• [Task description] Each line of the data below from the one holding "Homecat Силикагелевый наполнитель" to the one holding "Sølv armbånd rhodineret", inclusive, is to be reproduced exactly; no other line belongs in the answer.
BEGIN Extracted information
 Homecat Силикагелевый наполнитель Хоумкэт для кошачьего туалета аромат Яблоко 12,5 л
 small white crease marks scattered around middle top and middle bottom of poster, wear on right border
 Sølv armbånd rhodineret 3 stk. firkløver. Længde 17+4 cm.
END Extracted information
BEGIN Extracted information
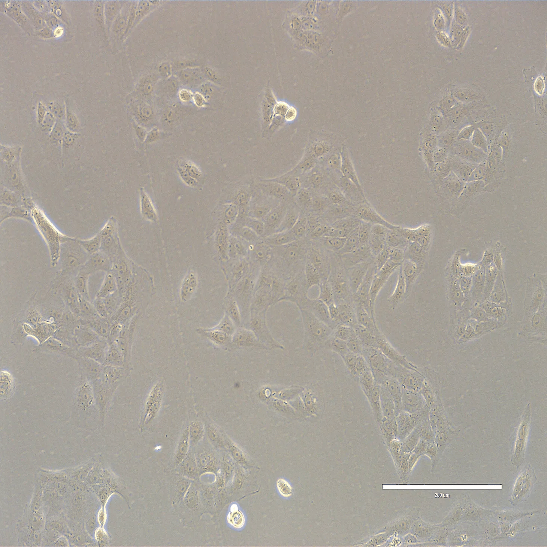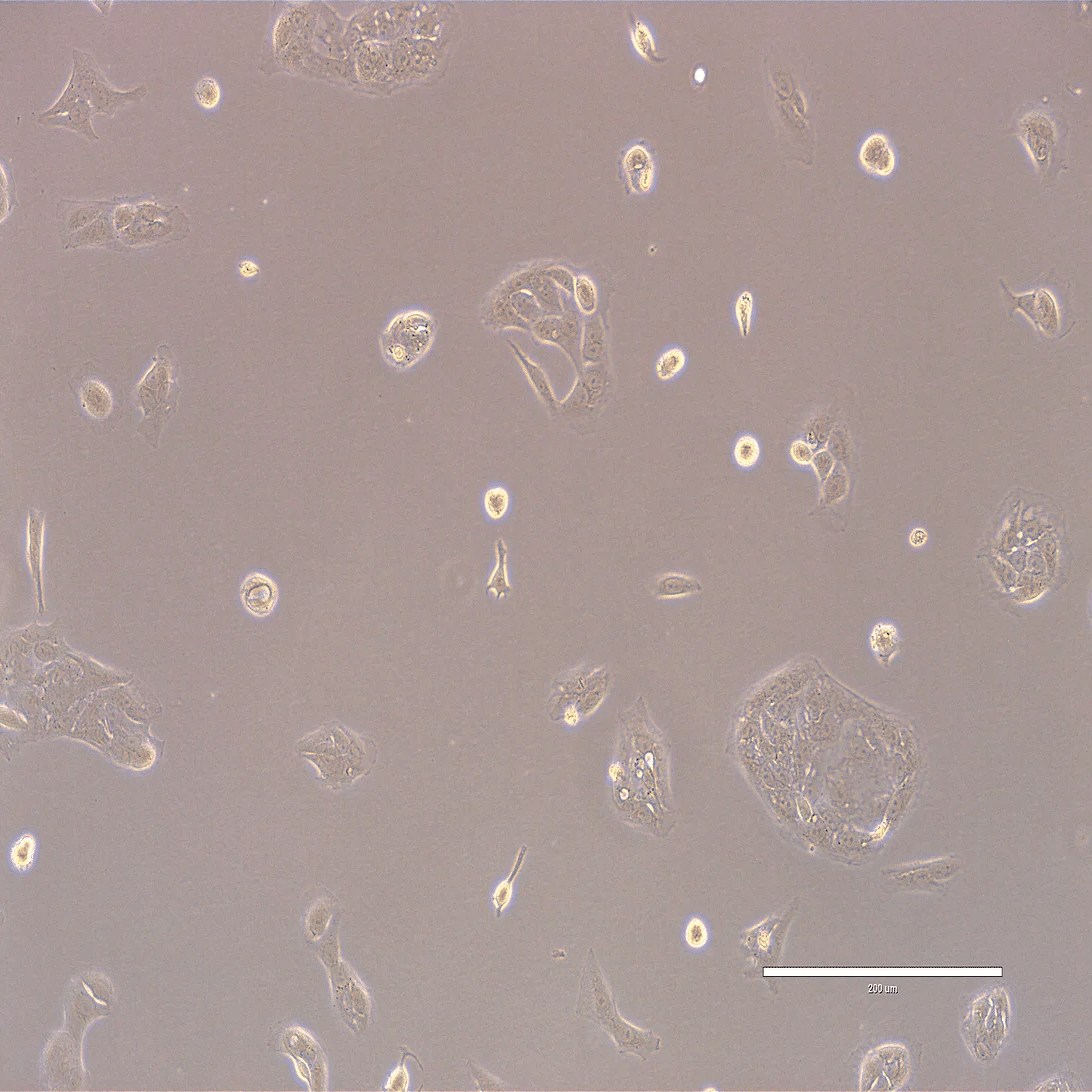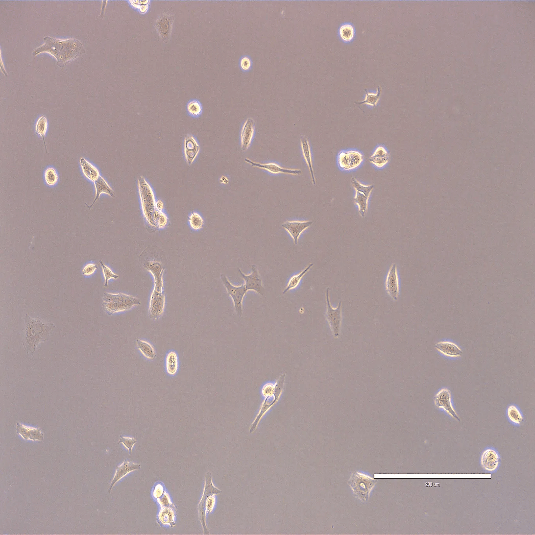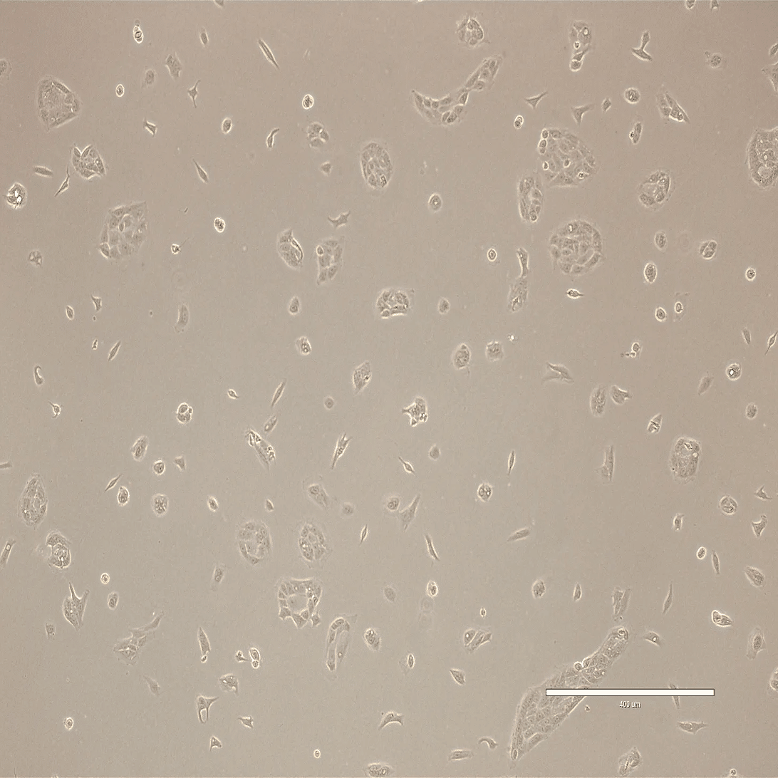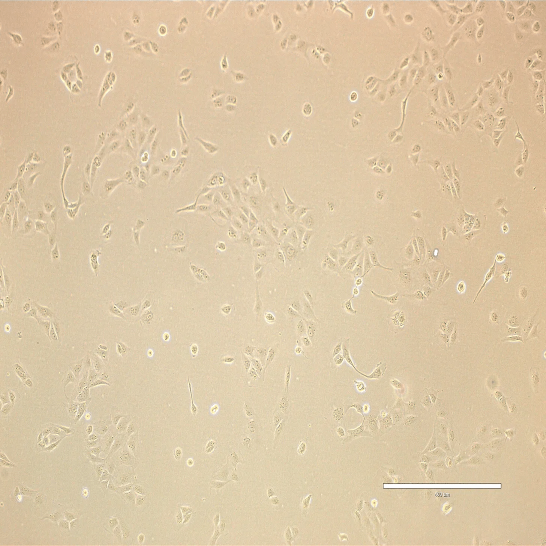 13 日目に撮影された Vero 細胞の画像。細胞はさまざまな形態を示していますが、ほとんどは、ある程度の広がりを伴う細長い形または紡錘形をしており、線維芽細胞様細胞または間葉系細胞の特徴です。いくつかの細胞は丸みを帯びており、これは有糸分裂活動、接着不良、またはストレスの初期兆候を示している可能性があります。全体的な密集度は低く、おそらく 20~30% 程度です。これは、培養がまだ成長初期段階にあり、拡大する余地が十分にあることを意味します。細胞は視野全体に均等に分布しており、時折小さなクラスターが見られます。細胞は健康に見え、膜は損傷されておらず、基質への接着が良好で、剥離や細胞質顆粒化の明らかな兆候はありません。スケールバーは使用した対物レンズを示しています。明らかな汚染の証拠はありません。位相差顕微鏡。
END Extracted information
• [Completed task]
 Homecat Силикагелевый наполнитель Хоумкэт для кошачьего туалета аромат Яблоко 12,5 л
 small white crease marks scattered around middle top and middle bottom of poster, wear on right border
 Sølv armbånd rhodineret 3 stk. firkløver. Længde 17+4 cm.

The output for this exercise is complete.